Step Down Limits Loaned Car

leonard

Expert
I am an agent, but not P&C. Just saw that Shelter in Missouri has added "step Down Limits" on car insurance, if you loan your car to anyone. The limit drops down to to the state mandatory coverage.

Agent says Shelter pays up to state minimum requirements, then the overage is a claim against the insurance of the person u loaned it to. I asked agent if that person had mistakenly allowed their coverage to lapse, or if they only had state minimum coverage, once that is exhausted, does it come back to Shelter to pay more. They said even if u bought a million dollar policy, that the max that Shelter would pay is the state minimum.

Farm Bureau has something similar to this.

This opens the policyholder up to a lawsuit, when thy think they have bought sufficient coverage. Is this just in Missouri? Just these two companies?

This is why people hate insurance. Finding out the fine print when it is too late.
 
There are exceptions and lawyers will always go for money anywhere, but why would the car owner be liable for what someone else did?

Yes, there are exceptions, such as I lent my car with known faulty brakes, but that isn't the norm. This is a way for people to be responsible for themselves. Why should you benefit if you let your own policy lapse but still want to drive?

Several carriers have drop down limits in many states. The part I agree with you on is they do bury this in the fine print and even then, make it hard for most people to know about.

Dan
 
I have heard for years that insurance is on the car, not the person.

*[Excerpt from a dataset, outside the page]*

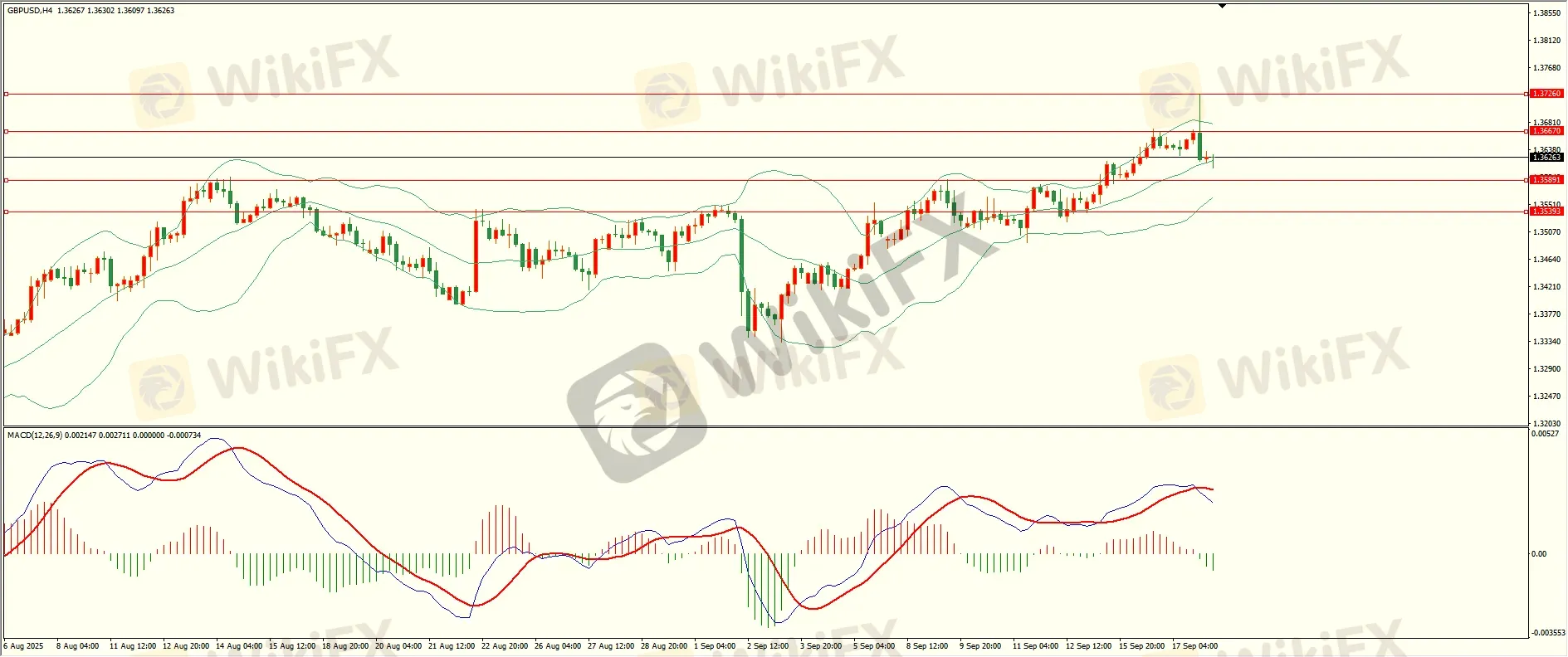 英镑昨日回调至第一支撑上方震荡上行,纽约盘时段触及第一阻力上方承压下行,日线报收上影线小阴线,上方阻力犹存,同时下方支撑并未失守,短线的多空争夺有望继续,从4H来看,布林中轨偏上,MACD零轴上方运行,日内下方首要支撑1.3589,第二支撑1.3530-40,上方阻力1.36654,1.3725,第一支撑在没有失守前短线有望回测第一阻力。

Also, have you seem that in a lawsuit, that everyone even remotely connected gets listed in the lawsuit. They want someone with deep pockets to go after. Consider the pharmacist Robert Courtney that diluted liquid cancer drugs to make a lot of money. He is in prison for many years, and the drug manufacturers were ordered by the courts to pay Millions of dollars.
 
Insurance is first on the car, then the driver.

The Robert Courtney case is a bit different, the manufacturer noticed a discrepancy, investigated it, concluded that everything was okay. This is the equivalent in my statement of knowing the brakes are bad and not mentioning it.

Yes, lawyers cast a wide net in looking for deep pockets. Doesn't mean the net catches much. It is a hassle though, but remember, the policy owner has the insurance attorneys on his side, at least up to policy limits.

Drop down limits are never ideal, but, I don't think they are the end of the world either.

Dan
 
it is a shame that this forum is so inactive that only you and i are in this thread. Interesting that it shows me as new, even though i have been a member for quite a few years and have posted previously
 
There are exceptions and lawyers will always go for money anywhere, but why would the car owner be liable for what someone else did?

I'm certainly no attorney, but this would worry me. If I lend out my car to someone and he runs over a small child, I would think I could and would be sued by the family of the child.

If my policy reverts to minimum limits, it makes it essentially worthless. I would assume the company would pay the $25,000 and be done with it. Maybe I'm wrong?